*** Opening RECORDS ***

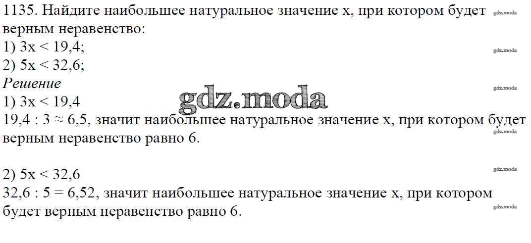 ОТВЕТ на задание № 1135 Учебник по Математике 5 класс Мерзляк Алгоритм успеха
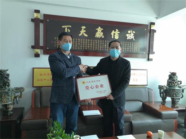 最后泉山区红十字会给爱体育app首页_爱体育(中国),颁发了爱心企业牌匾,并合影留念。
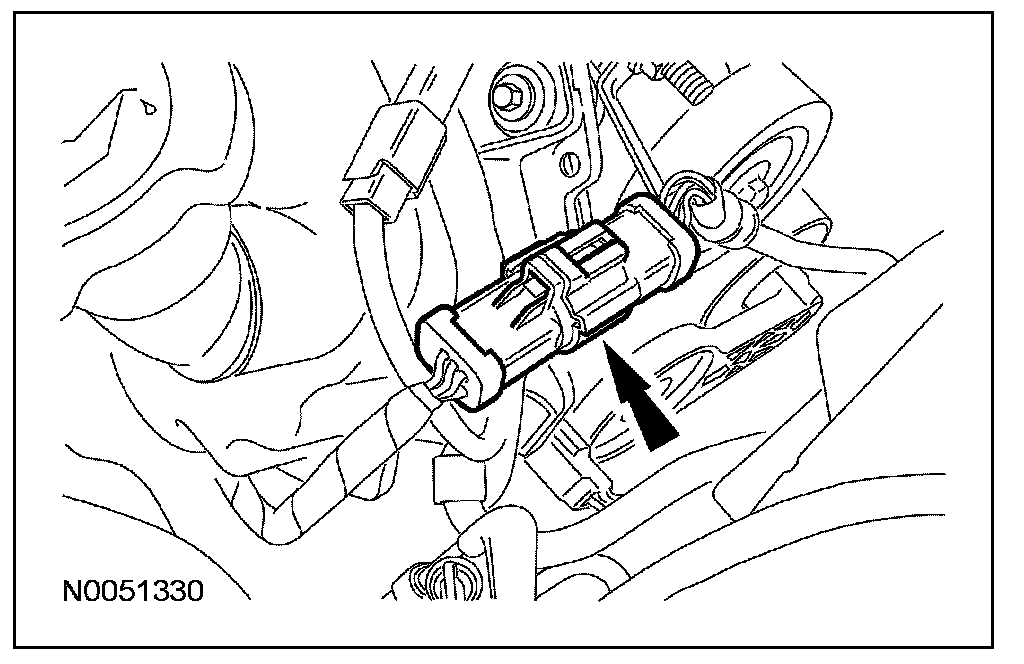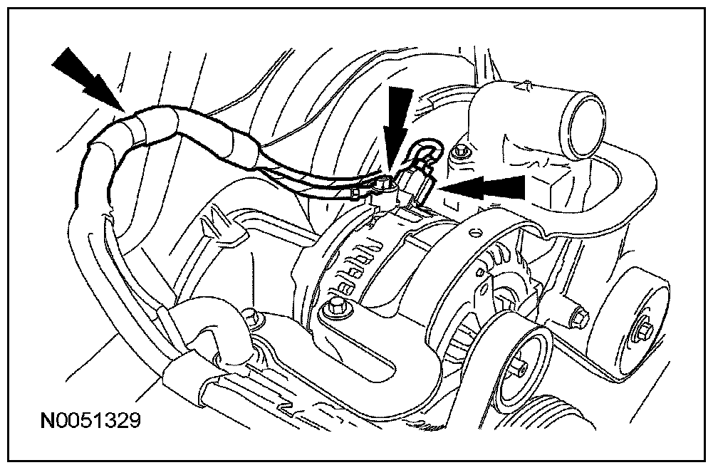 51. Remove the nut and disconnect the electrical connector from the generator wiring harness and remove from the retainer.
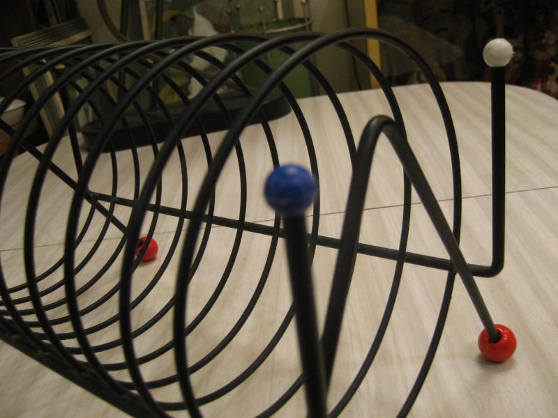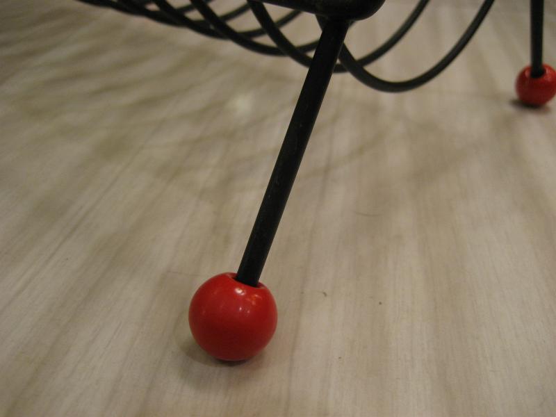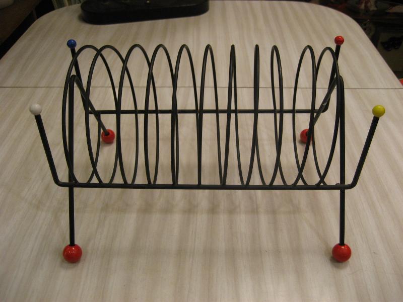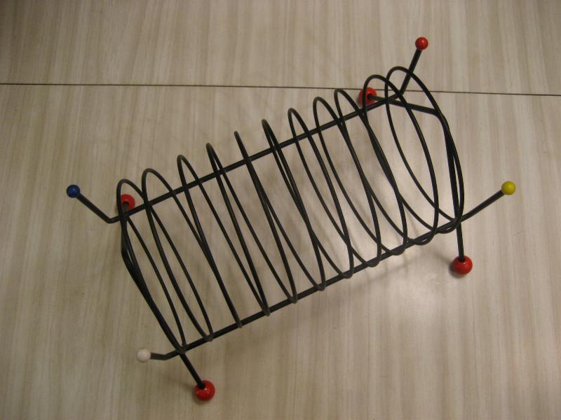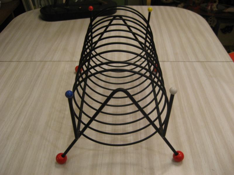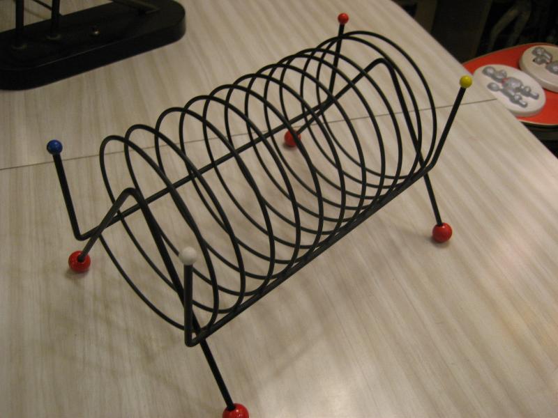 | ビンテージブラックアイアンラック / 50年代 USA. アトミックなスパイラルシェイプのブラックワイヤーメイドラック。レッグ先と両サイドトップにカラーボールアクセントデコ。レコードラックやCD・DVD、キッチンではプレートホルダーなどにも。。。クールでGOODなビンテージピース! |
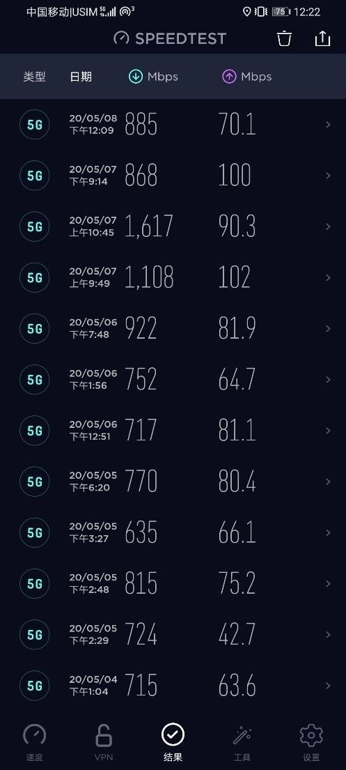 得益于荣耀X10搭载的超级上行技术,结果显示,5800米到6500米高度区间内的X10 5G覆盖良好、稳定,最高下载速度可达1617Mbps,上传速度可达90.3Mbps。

*** Closing RECORDS ***
*** Opening RECORDS ***

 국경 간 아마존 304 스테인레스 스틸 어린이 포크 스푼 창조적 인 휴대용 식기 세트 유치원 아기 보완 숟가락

*** Closing RECORDS ***
*** Opening RECORDS ***

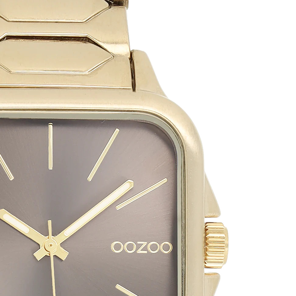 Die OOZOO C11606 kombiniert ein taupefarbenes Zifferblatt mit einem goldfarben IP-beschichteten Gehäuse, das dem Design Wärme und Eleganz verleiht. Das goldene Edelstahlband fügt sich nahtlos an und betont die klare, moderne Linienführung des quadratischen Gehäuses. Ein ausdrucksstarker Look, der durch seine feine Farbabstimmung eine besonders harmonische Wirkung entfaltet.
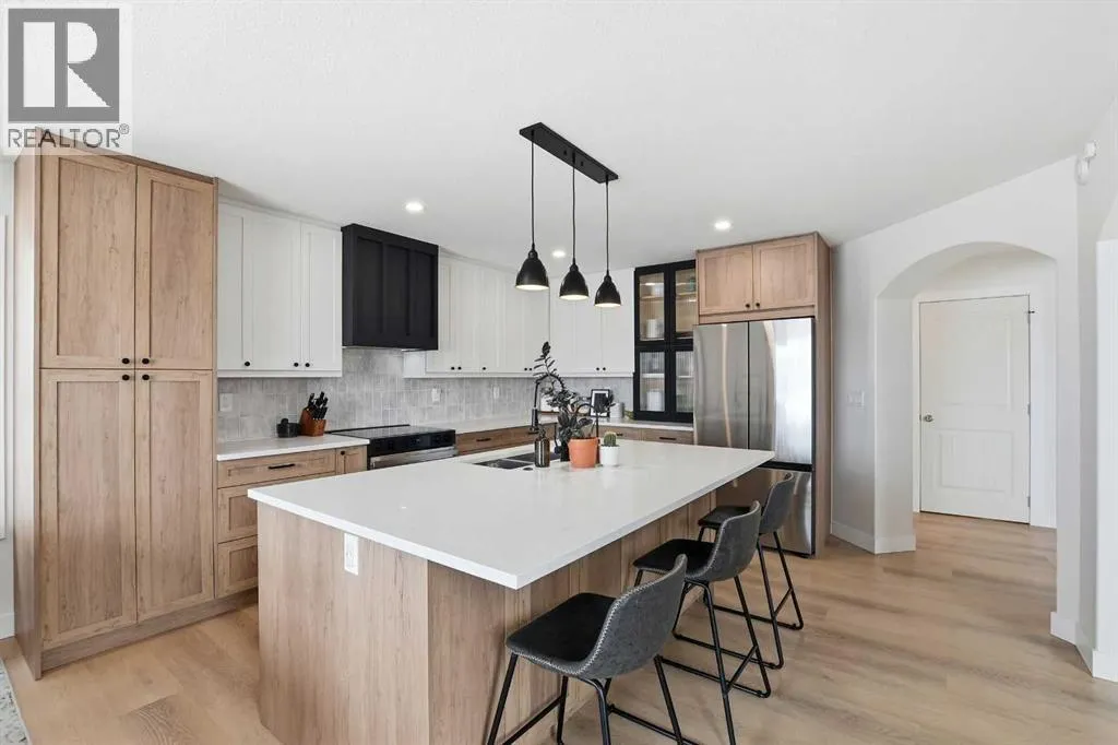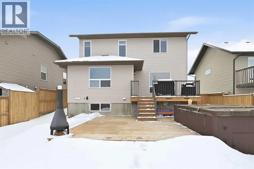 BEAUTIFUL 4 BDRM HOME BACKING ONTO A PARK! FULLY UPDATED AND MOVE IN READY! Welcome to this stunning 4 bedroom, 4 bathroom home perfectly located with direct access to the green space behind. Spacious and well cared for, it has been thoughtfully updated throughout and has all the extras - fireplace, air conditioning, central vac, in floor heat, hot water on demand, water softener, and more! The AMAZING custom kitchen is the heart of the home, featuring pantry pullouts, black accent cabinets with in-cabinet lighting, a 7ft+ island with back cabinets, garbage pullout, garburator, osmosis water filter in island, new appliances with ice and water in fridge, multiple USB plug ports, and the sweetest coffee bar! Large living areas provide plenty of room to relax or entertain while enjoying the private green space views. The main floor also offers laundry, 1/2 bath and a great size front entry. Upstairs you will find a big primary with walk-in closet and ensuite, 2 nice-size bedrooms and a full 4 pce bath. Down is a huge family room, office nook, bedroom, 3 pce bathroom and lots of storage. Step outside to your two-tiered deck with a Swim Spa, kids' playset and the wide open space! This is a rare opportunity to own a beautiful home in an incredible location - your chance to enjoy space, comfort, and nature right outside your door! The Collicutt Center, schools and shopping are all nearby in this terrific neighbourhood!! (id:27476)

*** Closing RECORDS ***

_WHAT TO DO_:
Using the entries above, write out exactly the lines from the one with "ОТВЕТ на задание" through the one with "得益于荣耀X10搭载的超级上", ends included. Leave out any pictures.

_YOUR RESPONSE_:
 ОТВЕТ на задание № 1135 Учебник по Математике 5 класс Мерзляк Алгоритм успеха
 最后泉山区红十字会给爱体育app首页_爱体育(中国),颁发了爱心企业牌匾,并合影留念。
 51. Remove the nut and disconnect the electrical connector from the generator wiring harness and remove from the retainer.
 | ビンテージブラックアイアンラック / 50年代 USA. アトミックなスパイラルシェイプのブラックワイヤーメイドラック。レッグ先と両サイドトップにカラーボールアクセントデコ。レコードラックやCD・DVD、キッチンではプレートホルダーなどにも。。。クールでGOODなビンテージピース! |
 得益于荣耀X10搭载的超级上行技术,结果显示,5800米到6500米高度区间内的X10 5G覆盖良好、稳定,最高下载速度可达1617Mbps,上传速度可达90.3Mbps。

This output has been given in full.